Good hygiene is only a part of preventing – or reversing – gum disease. While hygiene helps keep periopathogens under control, nutrition helps restore the tissues that they wreck.
On the one hand, it’s about limiting foods that feed the harmful bacteria in your mouth – sugar, of course, but also refined grain products (think bread, crackers, pasta, and the like) and starchy foods (think potatoes, fries and chips).
But it also means increasing your intake of more healthful foods that give you the nutrients you need to keep your gums healthy and the supporting jawbone strong. For gum disease doesn’t just damage the soft tissues. It also destroys the bone underneath. It’s why teeth become loose as periodontal disease progresses. Eventually, they fall out.
But they don’t have to. Not if you give your body what it needs to reverse the damage.
Vitamin D for Gum Health
While there are many nutrients – vitamins and minerals alike – that play a crucial role in periodontal health, a couple are especially important: vitamin D3 and vitamin K2.
D is crucial for helping your body absorb calcium, one of the main minerals that makes up bone. How crucial? Recent studies of professional football players, for instance, suggest the importance of D to both health and performance. They aren’t definitive studies, but it’s intriguing that players low in this nutrient experience more bone fractures and muscle injuries.
Vitamin D has also been shown to reduce inflammation – another key to its power in reversing gum disease. Inflammation is one of the ways gum disease has been linked to a range of other health problems, including diabetes, heart disease, stroke, Alzheimer’s, cancer, and more.
Though eggs and some fatty fish contain good amounts of D, most of what we get comes from the sun. It’s ultraviolet rays turn 7-Dehydrocholesterol in your skin to cholecalciferol, a/k/a vitamin D3. How much exposure you need depends on where you live and how darkly complected you are. If you’re fair-skinned, a few minutes can be enough. If your skin is darker, you’ll need more.

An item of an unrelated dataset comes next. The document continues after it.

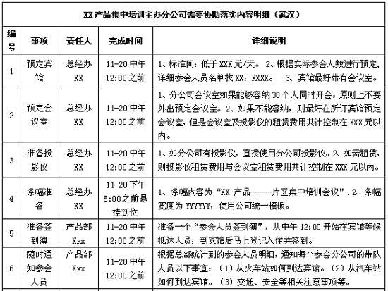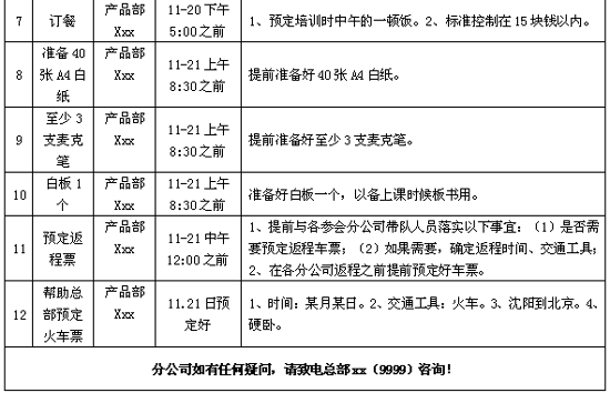 培训组织容易被忽略的五个问题 7 上页:第 1 页 问题四:缺乏细致有效的培训执行流程责任表,导致部分工作遗忘。 大部分培训师在组织一次培训活动的时候,往往以为准备好了课件就万事大吉,而却经常因为一些细节没有注意到而影响到了培训活动的顺利开展。例如,笔者有一次在南京组织华东区域的集中培训,负责会议室安排的同事多次承诺将于培训当天把投影仪安装到位,事实上却没有按照我们的要求提前安装到位。结果当天会议召开的时候,才发现投影仪由于故障无法正常开机,直接导致培训延迟近五个小时。我想很多有过大型培训组织经验的朋友可能都曾经遇到过类似的情况,例如挂条幅的时候才发现没有胶带或图钉,会议召开的时候发现忘了准备白板笔等等,这虽然都是一些小事,但是却都会直接影响到培训的进程和效果。 为了做好整个培训会议的组织工作,做到滴水不漏,在培训会议开始之前要在自己的脑海中把整个事件拍成一部电影。把整个培训过程当中的各个环节分解成一步一步具体的动作。同时形成如下工作安排的对策表。 例如: ![]() ![]() 如果工作复杂,最好使用Microsoft PROJECT制定一个完整的流程任务表,格式如下: ![]() 有了这样一张明确的工作对策表,对任何一个事情的责任人、完成时间等都要求得非常明确,培训师只需要努力讲好自己的课程就好了。 问题五:课程善后事宜往往被省略,导致整个培训虎头蛇尾。 每一次组织的培训,总部和培训师除了希望给一线销售人员带去知识之外,还希望有效的提升驻外人员的工作士气,同时带去总部对于一线人员的关怀。令人遗憾的是,很多总部培训师往往在课程讲完之后就认为一切圆满了。集中培训不仅是给员工提供的一次相互交流、学习的机会,同时也是为我们的优秀员工提供的一种福利。如果能够在培训内容结束之后,争取将外地参训人员送到车站,并且后续再给各位参训人员一个问候短信或者电话,同时返程之后最好以邮件或者电话等向受训人员征求相关的意见和建议,奖励在整个培训过程中表现比较突出的优秀学员,将会使培训效果得到明显的提升。 要做好以上所提到的各项工作,经验和阅历非常重要,因此作为一名优秀的培训师在日常的工作和生活中一定要注意积累、学习。把握好以上的几个细节之后,再加上精彩充实的现场讲解,相信一定能够取得良好的培训结果。 作者现就职于国内某知名家电企业,长期从事企业内训工作。欢迎就相关营销、培训问题进行沟通交流(邮箱: wawaniao@16.com ,博客地址: http://blog.sin.com.cn/m/wawaniao ,QQ:27881472,MSN:wawaniao@hotmai.com 第 1 2 页 本网刊登的文章均仅代表作者个人观点,并不代表本网立场。文中的论述和观点,敬请读者注意判断。

Fortunately, there’s an online tool that will calculate the ideal amount of sun time for you. It’s not the most beautiful thing, but it does the job.
It may be a testament to our sedentary lifestyles that many Americans are totally deficient in D and could benefit from supplementation. Likewise, supplements are an option for those with gum disease, since you need more than just the recommended amount – a therapeutic dose.
Vitamin D3 + K2 = A Winning Combination
While D3 is great, it can’t do the best it can without another nutrient: vitamin K2.
K1 is the form we get from foods like dark leafy greens. It’s good, but not as good as K2, which is mainly produced by intestinal bacteria, or gut flora. Probiotics can help ensure a good supply, though like D, it can be taken in supplement form, as well. A combo supplement of D3 and K2, together in the same pill, is ideal. And powerful.
As D helps your body absorb calcium, K is needed to direct that calcium to the proper location – bone – and not your organs or arteries. Additionally, as Dr. Mercola notes,
Vitamin K2 activates a protein hormone called osteocalcin, produced by osteoblasts, which is needed to bind calcium into the matrix of your bone. Osteocalcin also appears to help prevent calcium from depositing into your arteries.
You can think of vitamin D as the gatekeeper, controlling who gets in, and vitamin K as the traffic cop, directing the traffic to where it needs to go.
Consistently with our patients, we see D3 and K2, along with a good multivitamin, making a big difference in periodontal health. And as always, supporting the health of your gums goes a long way toward supporting your overall health and well-being.